Ubico directed a personalista regime in which all government actions required his personal approval and all officials took their orders directly from the chief executive. Those in remote regions received authorizations via telegraph. Military officers held key government positions, and his Progressive Party controlled all aspects of government and the legislature, conducting two plebiscites that reelected Ubico without opposition.

Ubico's regime used harsh methods to maintain internal order. Security forces kept a watchful eye on the populace, and political opposition was ruthlessly suppressed. The government controlled the only radio stations and carefully monitored the press. The only facilities to receive external news reports were housed in the National Palace.

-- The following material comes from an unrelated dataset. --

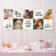 Personalisierter Geburtstagsbanner mit stylishem, weißem Hintergrund, der in jede beliebige Farbe verändert werden kann, 5 individuellen Fotos, Goldgläser, Beigläser und einer modernen, leicht anpassbaren Geburtstagsschablone.

Ubico sought to revive agriculture by promoting the cultivation of unused land and to integrate the Indians into the mainstream of the national economy by drawing them from subsistence agriculture into commercial farming. The Vagrancy Law of 1934 abolished debt peonage and substituted a labor obligation to the state, under which all citizens who did not cultivate their own plot of land of a minimum size were considered vagrant unless they were employed for a minimum of 150 days per year. While this constituted the first change in the rural labor system since colonial days, the requirement was long enough to supply labor for the harvesting and planting of export crops. Ubico sought to promote crop diversification, and the highway system enabled an expansion in food production by opening new areas to cultivation and linking once remote regions to the national market.

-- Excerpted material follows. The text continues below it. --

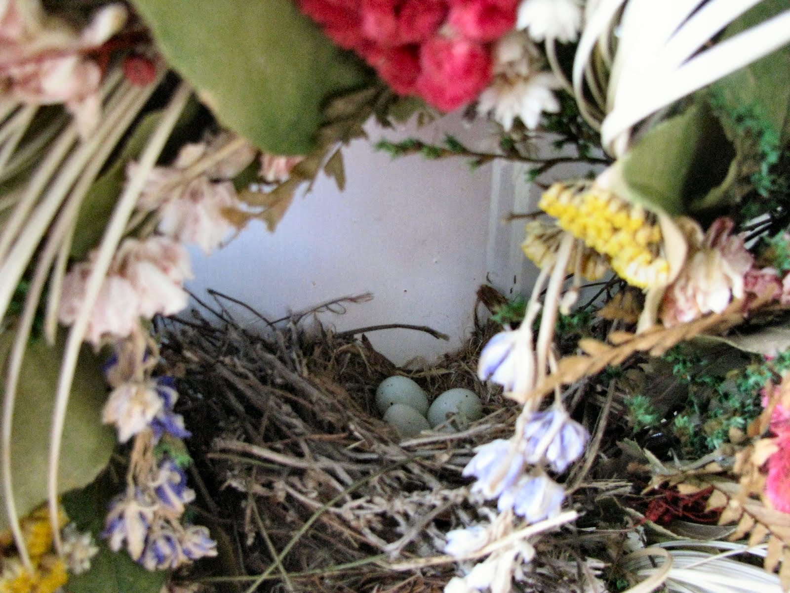 Here is a picture of the dried botanical wreath on the front door of our house. If you look closely, you can see the nest with three eggs. A house finch decided this would be the perfect spot to raise her babies! How cute is that?

Ubico sought to promote Guatemalan dominance in Central America, conducting a diplomatic rivalry with his counterpart in El Salvador and seeking to reassert Guatemalan claims to British Honduras (Belize). Ubico maneuvered carefully to influence domestic politics in Nicaragua and Honduras. While his efforts were initially directed toward promoting the rise of the Liberal Party in neighboring nations, he later sought to promote stability in the isthmus through rapprochement with the incumbent regimes of the other Central American countries. Although this was a time-honored policy, it produced rumors of a so-called Dictators League during the late 1930s and early 1940s. The Belize question also resulted in an acrimonious and protracted dispute with Great Britain.

The advent of World War II proved particularly trying, given the importance of the large German community that constituted a significant part of the Guatemalan economy. Until the mid-1930s most Guatemalan coffee was sold on the Hamburg market. Though attracted by German investment and the strong centrist policies of national socialism, Ubico remained a staunch nationalist, rejecting outside influence. Ubico supported the United States as soon as it became involved in World War II, despite his dispute with England regarding Belize, and he supplied agricultural products, such as quinine, to the United States to offset the loss of Asian sources.

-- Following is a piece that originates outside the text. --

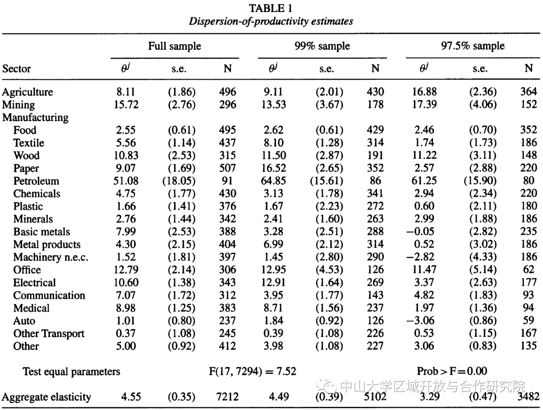 (唯一需要估计的参数)部门的生产率分散度为:![]()

The Ubico regime was overthrown in 1944 by a revolt led by students, junior military officers, and disgruntled members of the urban middle class who felt his policies favored the landowners. Ubico went into exile to the United States, where he died.

See alsoDebt Peonage; Guatemala; World War II.

BIBLIOGRAPHY

Kenneth J. Grieb, "The Guatemalan Military and the Revolution of 1944," The Americas 32, no. 4 (1976): 524-543.

Kenneth J. Grieb, Guatemalan Caudillo: The Regime of Jorge Ubico, Guatemala, 1931–1944 (1979).

Chester Lloyd Jones, Guatemala: Past and Present (1940).

Carlos Samayoa Chinchilla, El dictador y yo (1967).

Additional Bibliography

Dosal, Paul J., and Oscar Guillermo Peláez Almengor. Jorge Ubico (1931–1944): Dictadura, economía y "La tacita de plata." Guatemala: Ediciones CEUR-USAC, 1996.

León Aragón, Oscar de. Caída de un régimen: Jorge Ubico—Federico Ponce: 20 de octubre de 1944. Guatemala: FLACSO, 1995.